== Instructions for the task ==
Repeat all of the data below word for word, keeping no images.

== Data segment ==

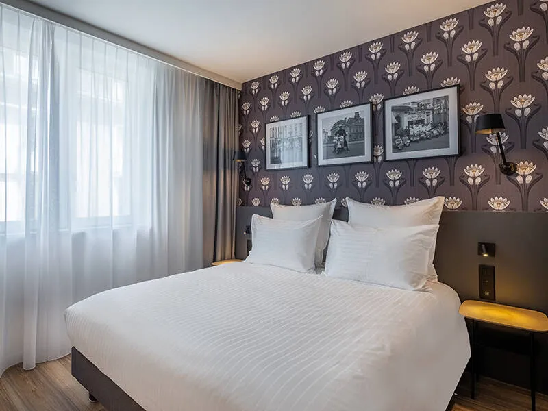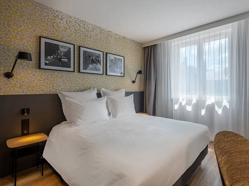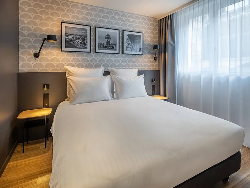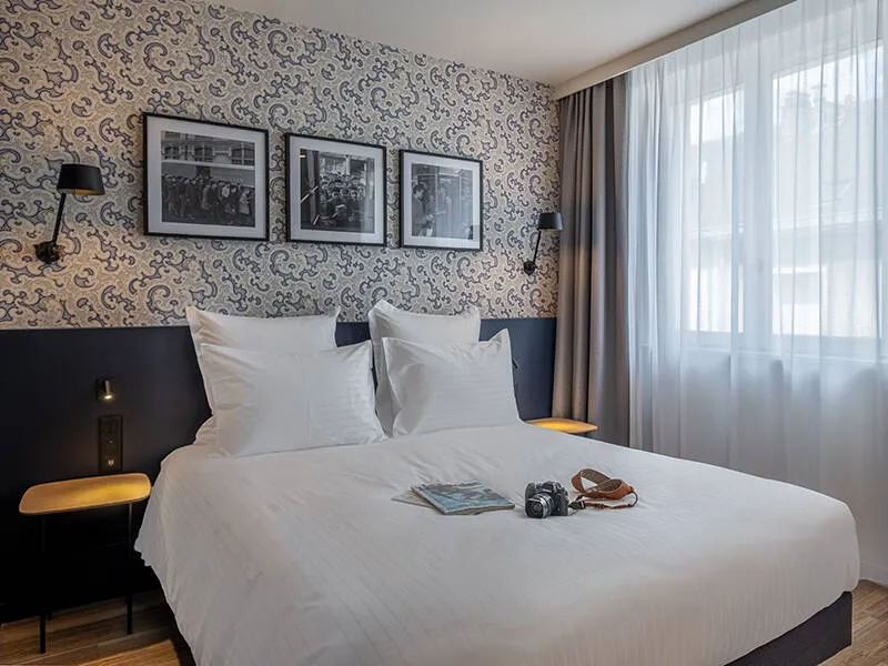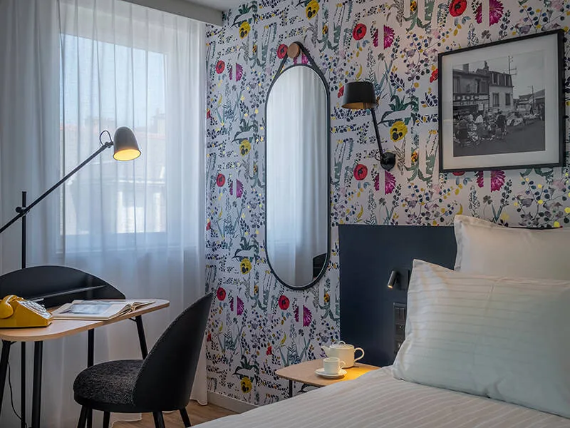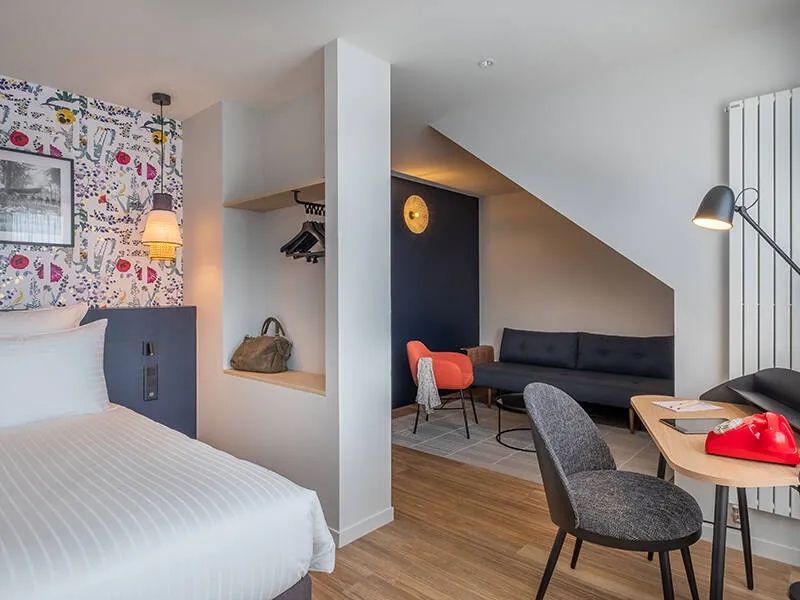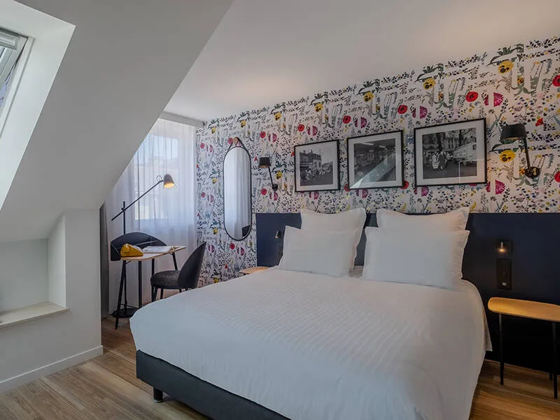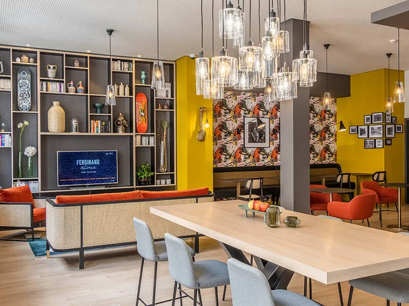 Completely renovated in 2021, the Ferdinand Hôtel combines designer furniture, designer lighting and deep, contemporary colours in a warm, upmarket style.in a warm, upmarket style.
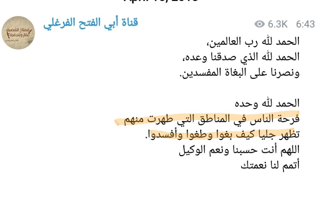 استحل الجولاني وأميره البغدادي دماء أهل السنة لانهم لم يقروا إمارتهم :)
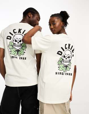 Dickies – Weyers Cave – T-Shirt in Wollweiß mit Totenkopf-Aufdruck hinten

== Task response ==
 Completely renovated in 2021, the Ferdinand Hôtel combines designer furniture, designer lighting and deep, contemporary colours in a warm, upmarket style.in a warm, upmarket style.
 استحل الجولاني وأميره البغدادي دماء أهل السنة لانهم لم يقروا إمارتهم :)
 Dickies – Weyers Cave – T-Shirt in Wollweiß mit Totenkopf-Aufdruck hinten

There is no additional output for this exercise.